Por su parte Europa Press sugiere el 11 de abril que la “reprogramación” fue consecuencia de “las denuncias hechas por la Comisión pola Memoria Histórica”, ese chiringuito resistente a la crisis, constituido para reprogramarnos a todos los que no tenemos de serie el software nacional-socialista, o, no sin esfuerzo, hemos logrado desinstalarlo. En la misma noticia se informa de que el nacionalista Jorquera, temeroso de que la reprogramación encubra un mero aplazamiento, ha llevado el asunto a la sede de la soberanía nacional -española- «para que el ministerio aclare qué va a suceder "además de dar explicaciones de cómo es posible que en el seno del Ejército se produzcan este tipo de actos absolutamente antidemocráticos"» y para que «se "depuren las responsabilidades" que haya». Este Jorquera no es una lumbrera. Decía en una campaña que la suya era la única fuerza política imprescindible. No dudamos de cómo prescindirían de los demás si les dejan. Dado que Chacón está en plan Rajoy la respuesta ha sido tácita: “reprogramación”.
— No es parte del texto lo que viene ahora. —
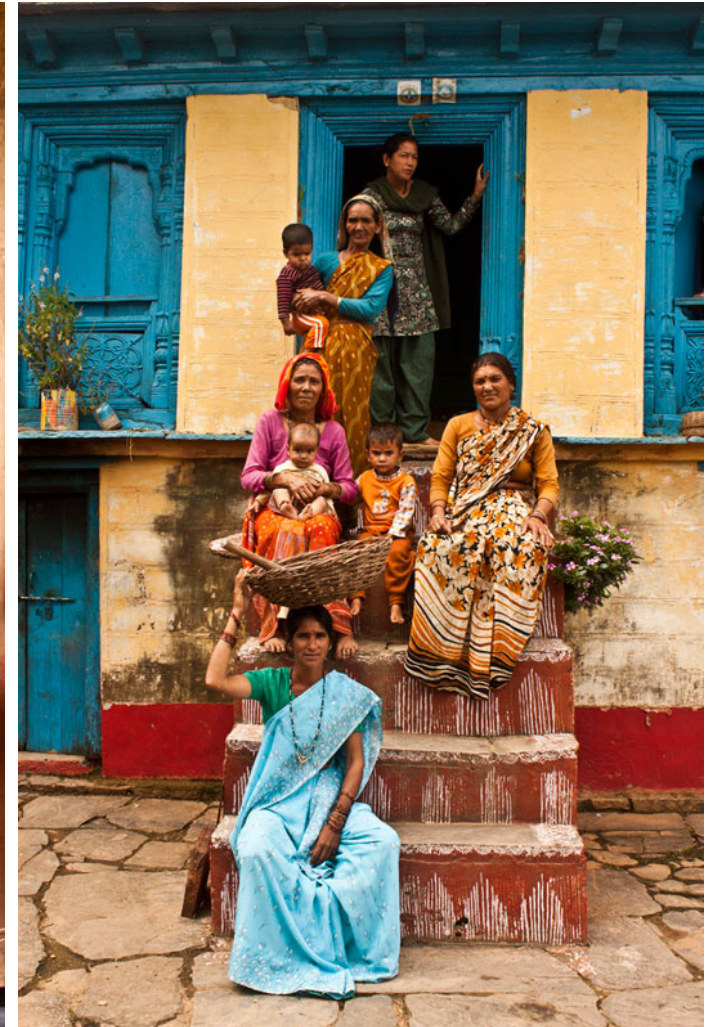
Working women sharing light moment in the morning.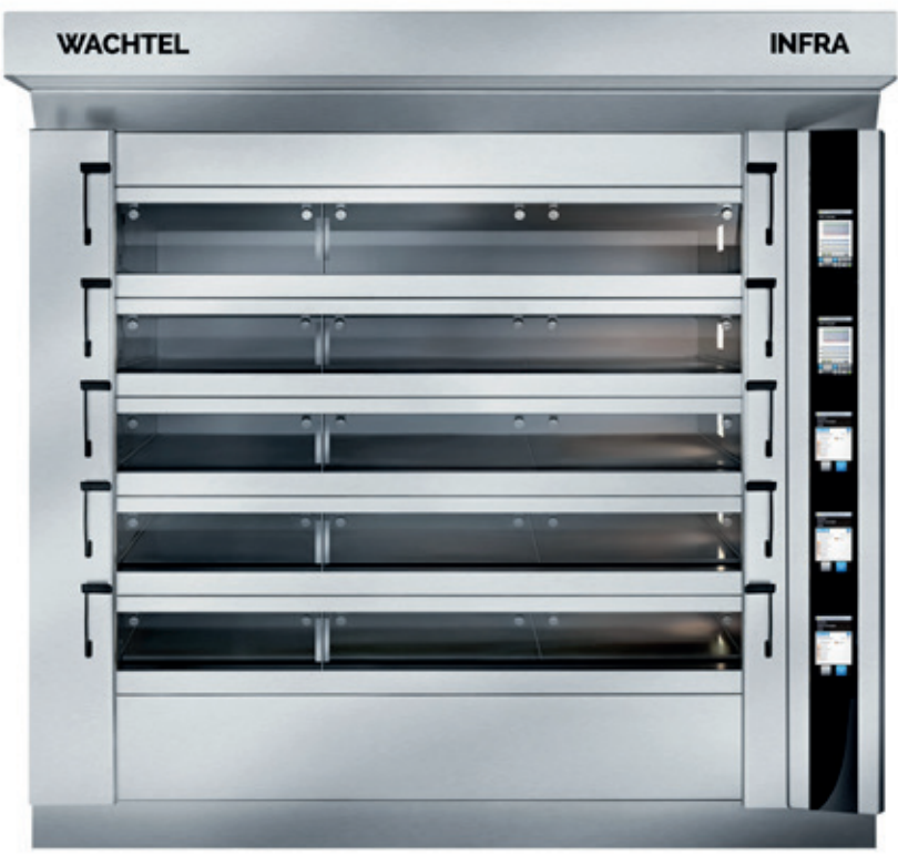
INFRA EE 520/180 18 m² baking area

All good things come in threes (triple-width): - Deck width: 1.8 m -

Seguramente nunca nos hubiéramos enterado de esta conferencia abortada si no hubieran sonado, atronadores, de un lado, el rodillo nacional-socialista, su intolerancia totalitaria -lo que un Méndez Romeu cualquiera considera intolerable, no será tolerado, aunque otros más tolerantes puedan considerarlo interesante, o pretendan decidir libremente asistir o no- y, del otro lado, el silencio acomplejado de quienes deberían proteger a la sociedad de aquella sórdida intolerancia, pues, la verdad, muchos no votamos a los no nacional-socialistas por sus méritos, sino por el justificado temor a éstos.
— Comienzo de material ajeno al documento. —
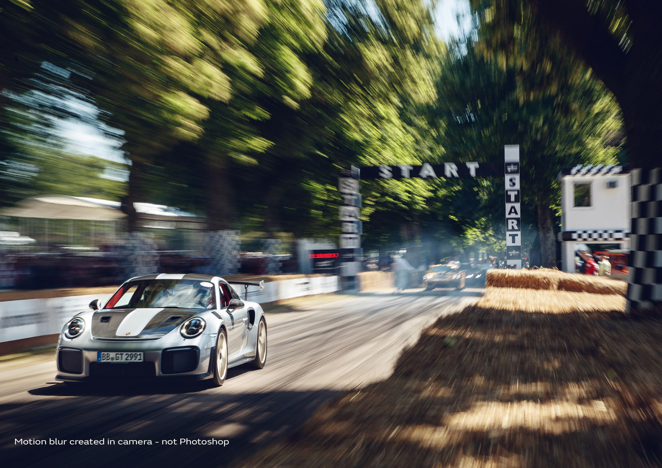
Motion blur created in camera - not Photoshop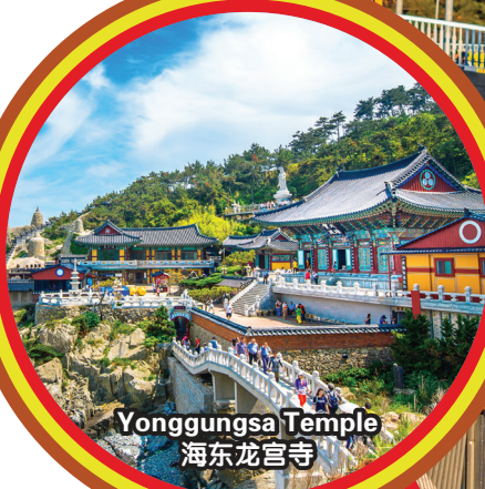
Yonggungsa Temple 海东龙宫寺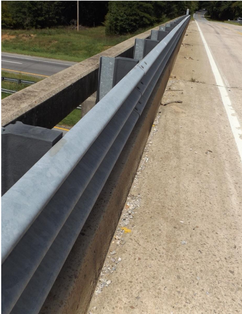
Figure 9 – Bridge Railing

The bridge railing (Figure 9) is a concrete railing on a concrete curb with guardrail attached to it and showed minimal signs of deterioration.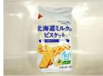
H021 5.1OZ X 6 X 2 35344波本北海道牛奶餅乾 ( 10M )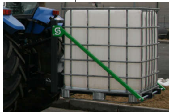
Additional water tank with holder for sweepers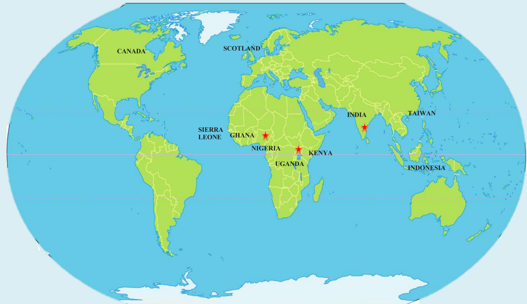
MFM 2014 candidates attending the First Contact Program

For enquiries email to mfm.icmda@gmail.com family.med@icmda.net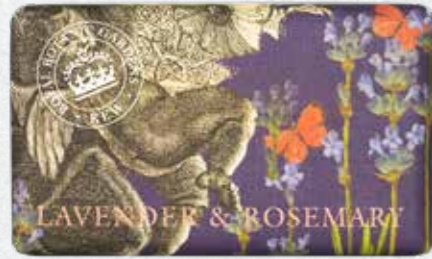
Lavender & Rosemary KGS0001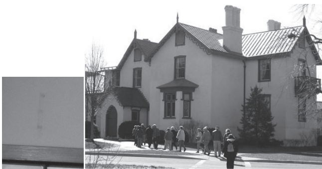
MEMBERS AND FRIENDS ENJOYED A LOVELY TRIP TO WASHINGTON TO VISIT THE LINCOLN COTTAGE.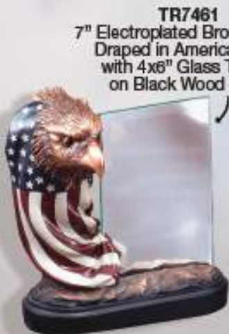
TR7461 7" Electroplated Bronze Eagle Draped in American Flag with 4x6" Glass Trophy on Black Wood Base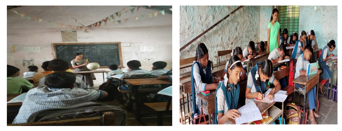
Student Teachers conductiong Lessons in the class room.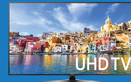
Samsung 55" 4K UHD TV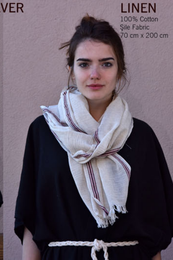
LINEN 100% Cotton Şile Fabric 70 cm x 200 cm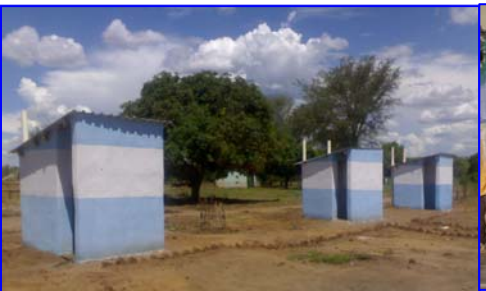
The VIP toilets constructed by RFDP under Water and Sanitation Program.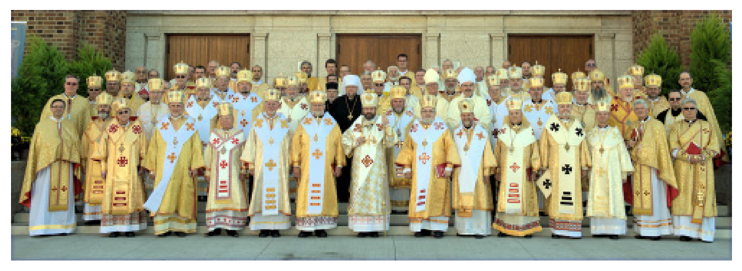
Photo of the Synod of Bishops of the Ukrainian Catholic Church (and clergy and guest Archbishops from the Ukrainian Orthodox and Roman Catholic Churches) standing before the Ss. Volodymyr & Olha Metropolitan Cathedral in Winnipeg, Canada, just prior to the opening Divine Liturgy by which the Synod formally began.

From the 9<sup>th</sup> to the 16<sup>th</sup> of September in the city of Winnipeg, Canada, the 2012 Synod of Bishops<sup>1</sup> of the Ukrainian Greek Catholic Church<sup>2</sup> took place in which participated 38 bishops from Ukraine,<sup>3</sup> USA, Canada. Australia. countries of central and western Europe and South America – includina emeritus bishops from Europe, the US, Canada and Argenting.

Así que alguien tenía que llamar la atención sobre este atropello, y, visto que nadie lo hacía, en estricta aplicación del principio de subsidiariedad, nos toca hacerlo a nosotros, una humilde asociación cívica, que defiende –quod erat demonstrandum- la libertad de expresión y de información, el derecho de cada uno a su propia memoria, la no subordinación al constructo nacional-socialista forzoso –o a cualquier otro-, el derecho de los méndez-romeu y los jorqueras a organizar sus aquelarres progres y a no asistir a las conferencias que no les gustan, y el derecho de los demás a no tragarnos sus ruedas de molino, a no compartir su ignorancia, su arrogancia ni su intolerancia, y a asistir o no a las conferencias que nos parezca.

 

Mi general, con el debido respeto, ¿tendría Vuecencia la bondad de pronunciar su conferencia cuando esta humilde asociación cívica, pueda organizarla?
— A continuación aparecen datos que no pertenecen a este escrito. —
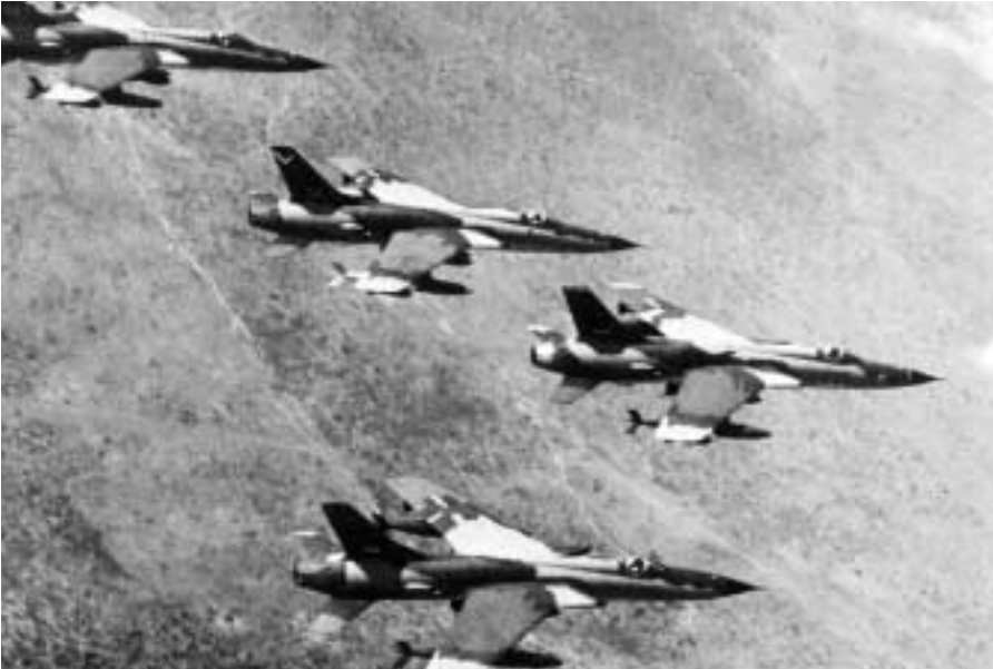
F-105 Thunderchiefs over Thailand

Thuds—such as these flying over Thailand—were used to bomb enemy bridges in the North and troop concentrations in the South during Rolling Thunder 1965–68. One specialized version was developed for defense suppression.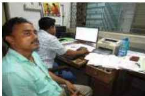
Computer's clerks' room and accounts office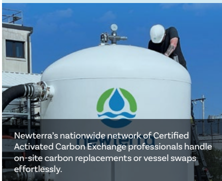
Newterra's nationwide network of Certified Activated Carbon Exchange professionals handle on-site carbon replacements or vessel swaps effortlessly.

Choose Newterra to equip your facility with the right tools and expert support, enabling you to achieve outstanding water treatment results while protecting both the environment and your bottom line.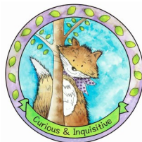
Fern the Fox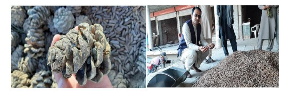
Fig. 5. Cone and kernels of Pine nuts or Chilgoza pine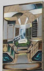
Install Shots from Nowhere To Be, L.U.P.O. Lorenzelli Projects, Milan (Group Show) 2025.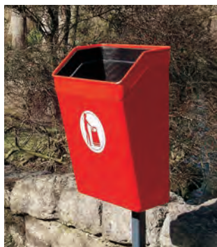
Trimline 25™ Litter Bin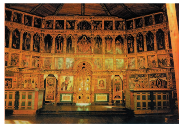
photo 3. General view of the Church iconostasis before the disassembly.

Pudozh sector of the museum was chosen for the location of the restoration center. The development of engineering infrastructure of this sector was going on in the reporting year with the purpose of adaptation of existing monuments of architecture (peasant houses) for restoration workshops. In this connection, the following measures have been taken: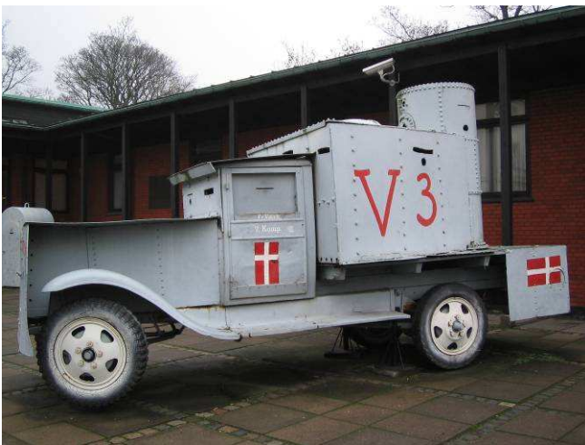
On the way back to the hotel we went past the Freedom Museum combat wagon. It was built by a resistance group Frederikbanens Verksted (factory) and brought into action 5. May 1945 against Nazi groups.

Malo será que no encontremos en La Coruña un lugar, no tan adecuado como el Museo militar, pero, ese día al menos, mucho más digno, costeado por los ciudadanos voluntaria y no coactivamente, como tenemos que sostener las “instalaciones oficiales” reducidas a instalaciones del régimen social-nacionalista, que ha reducido la Constitución a una caricatura grotesca de la que muchos votamos en 1978, manoseándola impúdicamente, como hicieron con la de 1931. Es su carácter.          

Algo bueno debe tener su conferencia cuando los social-nacionalistas se retuercen como gremlins mojados ante la mera posibilidad de que tenga lugar. Nosotros haremos lo posible.